Finding alternative/nontraditional data is easier said than done in Indonesia, as most of these data are not publically accessible. Which brings us to two other data sources: online data (browsing history, social media data) and mobile data (call logs, location data, top up information, etc).

These kinds of data are easier to attain, with the proper user consent.

“Combined with other publically available regional financial data, we were able to muster a smart engine that helps with our creditworthiness assessments at scale, letting us perform experiments on subsets of our applicants, continuously fine-tuning the engine.”

Online and mobile behavioral data may not be enough for making good credit assessments, but it definitely can improve the results if used on top of traditional credit scoring methods. We can, for instance, look at users’ social media and/or email behavior, and correlate that to repayment/default behavior. As we assumed the existence of these correlations, we must always conduct experiments to validate them. At the end of the day, behavioral data can really be an indicator of someone’s financial behavior.

Having validated our assumptions on these online and mobile “Big Data”, we actually ended up with some “Smart Data” that we could create algorithms, patterns and math models off of. Combined with other publically available regional financial data, we were able to muster a (potentially) smart engine that helps with our creditworthiness assessments at scale, letting us perform experiments on subsets of our applicants, continuously fine-tuning the engine. As these experiments might prove costly in the beginning, the iterations are surely giving us a smarter engine each time. Seeing our engine’s Gini Coefficient to surpass the 0.6 mark, we find ourselves having better quality borrowers, reflected by lower delinquency and default rates.

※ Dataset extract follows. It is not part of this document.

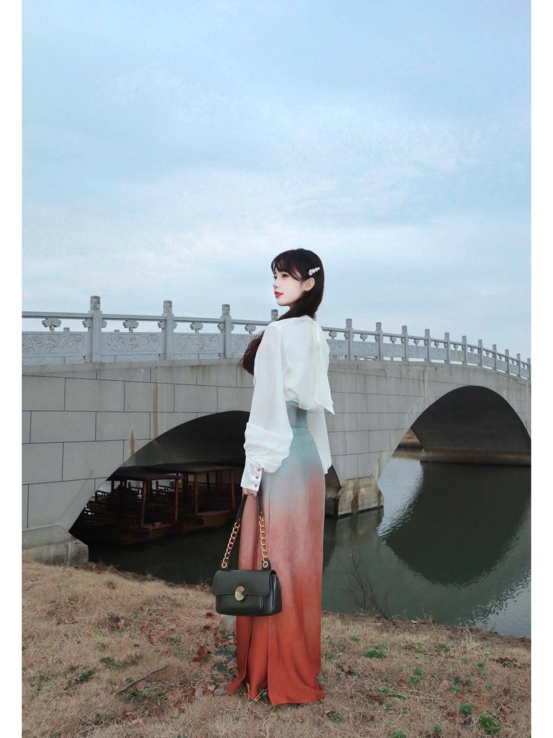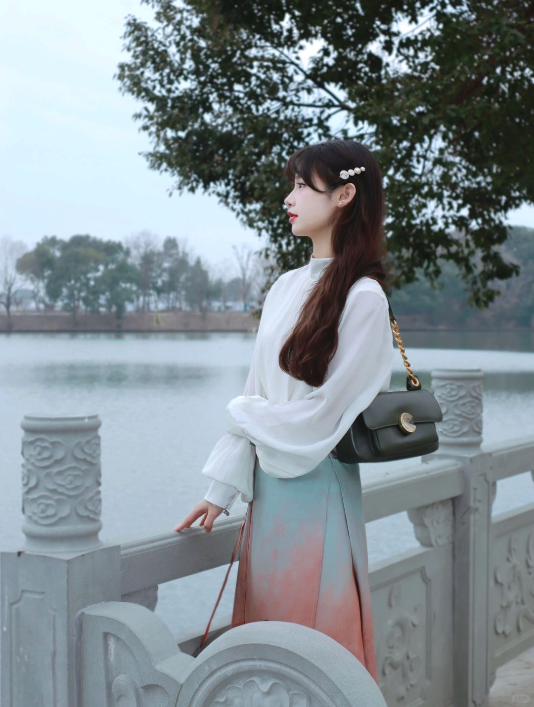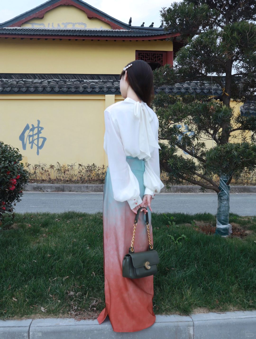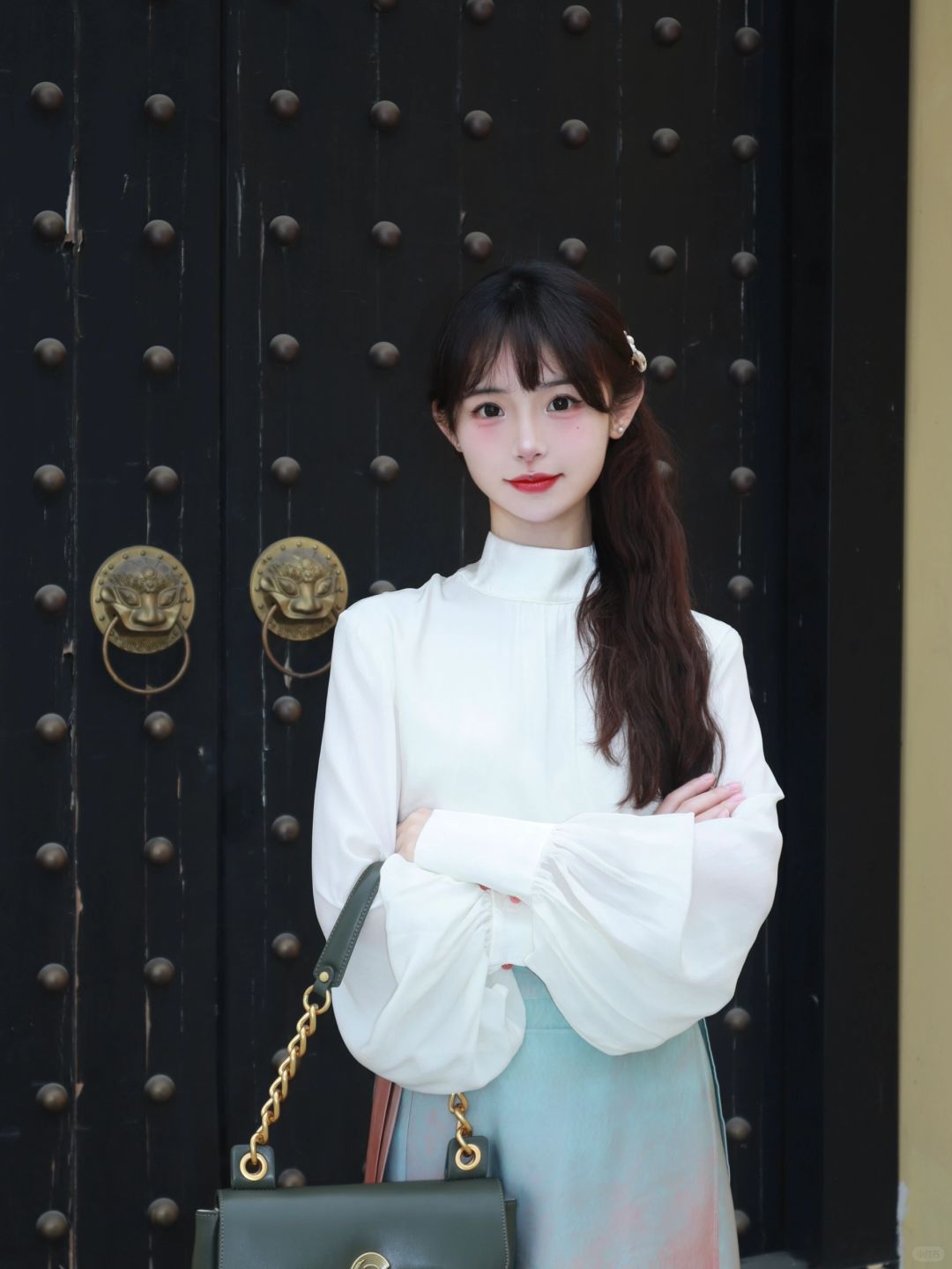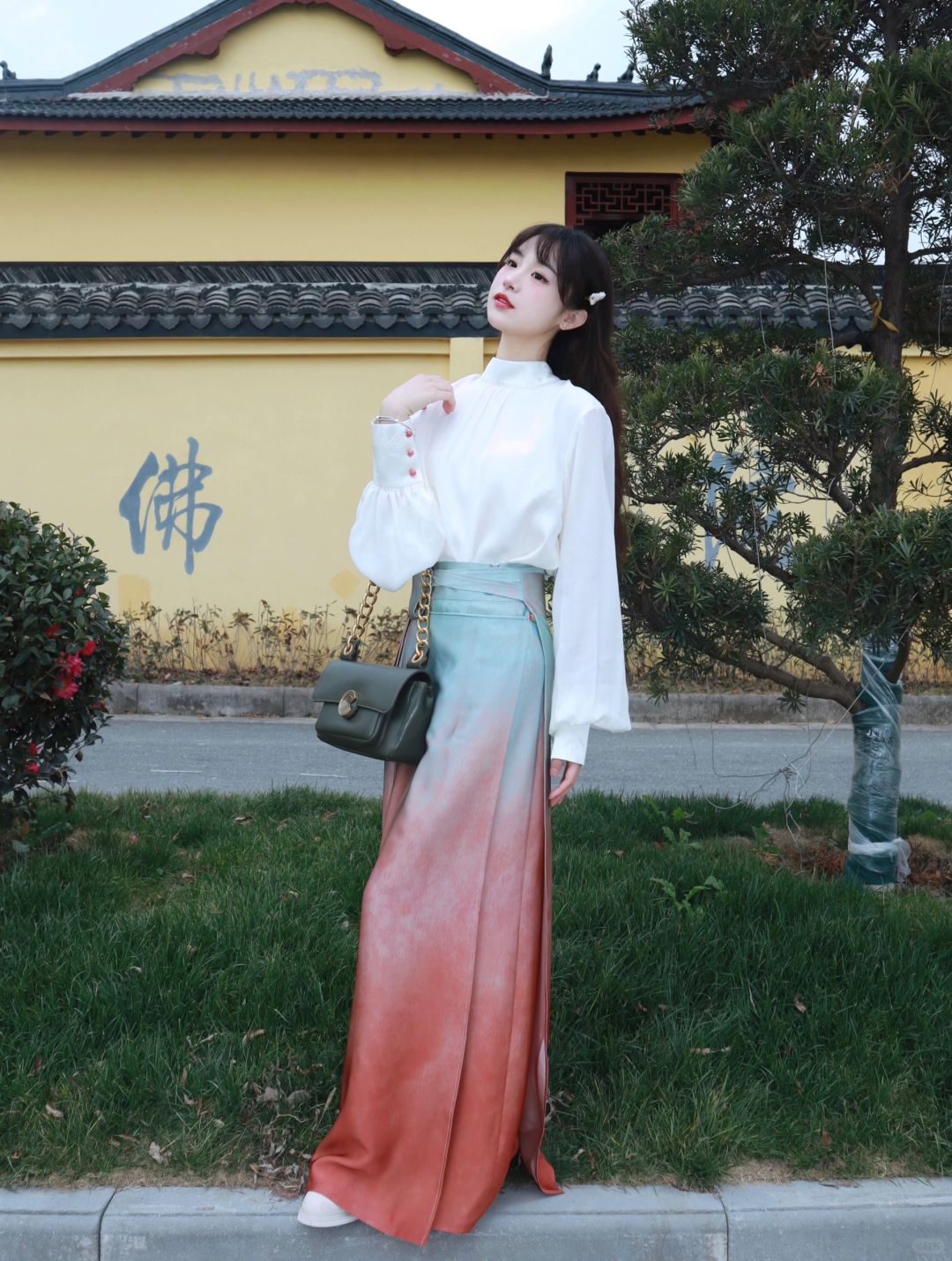 一抹青绿同粉黛,人间绝色是“惊鸿” - 今日份穿搭: ▫️新中式提花上衣 ▫️仿色元代“影青釉里红高足杯”的旋裙 再搭配上简单的发型和包包 日常又有气质~

As we strive to provide responsible financial inclusion to the under-banked at speed and scale, data definitely is our Holy Grail. Data is everywhere, just sitting around waiting to be analyzed. Theoretically, you can assess creditworthiness out of anything, as long as you have the risk appetite for it. Although traditional underwriting methods and human judgments are not to be undermined, we dream of building a credit scoring engine that can make good informed decisions out of all sorts of alternative data. Who knows, soon we’d be able to score someone’s creditworthiness out of their sleep cycle.